• Wed
  • Aug 20, 2014
  • Updated: 1:15pm
NewsHong Kong
COURTS

DCHL 'kept dangerous goods with no licence'

PUBLISHED : Tuesday, 29 April, 2014, 4:17am
UPDATED : Tuesday, 29 April, 2014, 4:17am

A multilevel-marketing firm kept more than 1,500 litres of flammable aroma oils in an alleyway next to its Causeway Bay offices without a licence for the dangerous goods, Eastern Court heard yesterday.

The oils were allegedly found by a Fire Services Department officer who had received an unspecified complaint against Digital Crown Holdings (DCHL).

The officer told the court that he arrived with a colleague to DCHL's offices on the evening of May 31 last year. Accompanied by a DCHL staff member, the officer found 1,474 one-litre bottles and 132 quarter-litre bottles of fragrant oils - a total of 1,507 litres - in an alleyway near the offices, he said.

In subsequent meetings with officers, the firm said the goods had already been sold and were awaiting collection, and so no longer belonged to the company, the court heard. The officer said government laboratory tests confirmed the oils contained an organic peroxide oxidising agent, which means they are categorised as dangerous goods.

Lawyer Albert Luk Wai-hung, for DCHL, questioned why the officer had not recorded his conversations with DCHL staff members, and noted discrepancies in his reports. In the original report the officer filed, he wrote that he had found a total of 1,540 litres of oils in the alley, while in subsequent reports the total was changed to 1,507, Luk said.

The officer said he had mistaken the quarter-litre bottles as half-litre bottles, leading to the mistake in the first report.

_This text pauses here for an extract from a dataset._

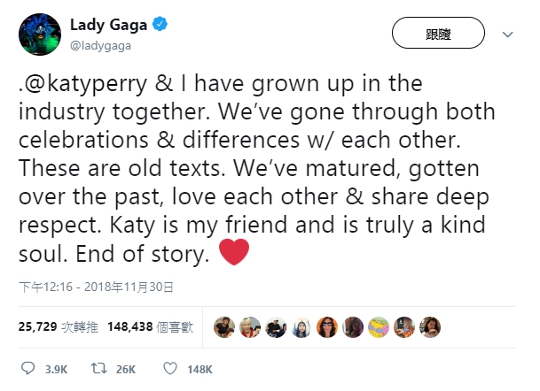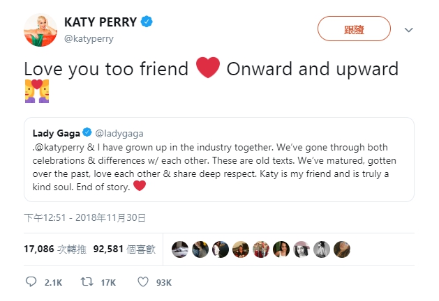 隨後凱蒂佩芮也轉發了女神卡卡這則訊息,並表示同意:「我也愛妳我的朋友 ,一起變得更好。」事實上在 2016 年美國總統大選中,女神卡卡和凱蒂佩芮共同支持的候選人希拉蕊敗選之後,這兩位天后還被捕捉到一起交談選舉和政治意見的親密模樣,或許當時她們就已經談論過凱莎這個事件並已和解。

A second hearing of the case will be held next month before Deputy Special Magistrate Stephen Yeung Shu-bun, when the defence and prosecution will deliver their closing statements.

DCHL has been the subject of protests since October last year by disgruntled mainlanders who said, among other complaints, that they had been misled into buying up products from the company to be sold on to others, only to find the items had little to no resale value.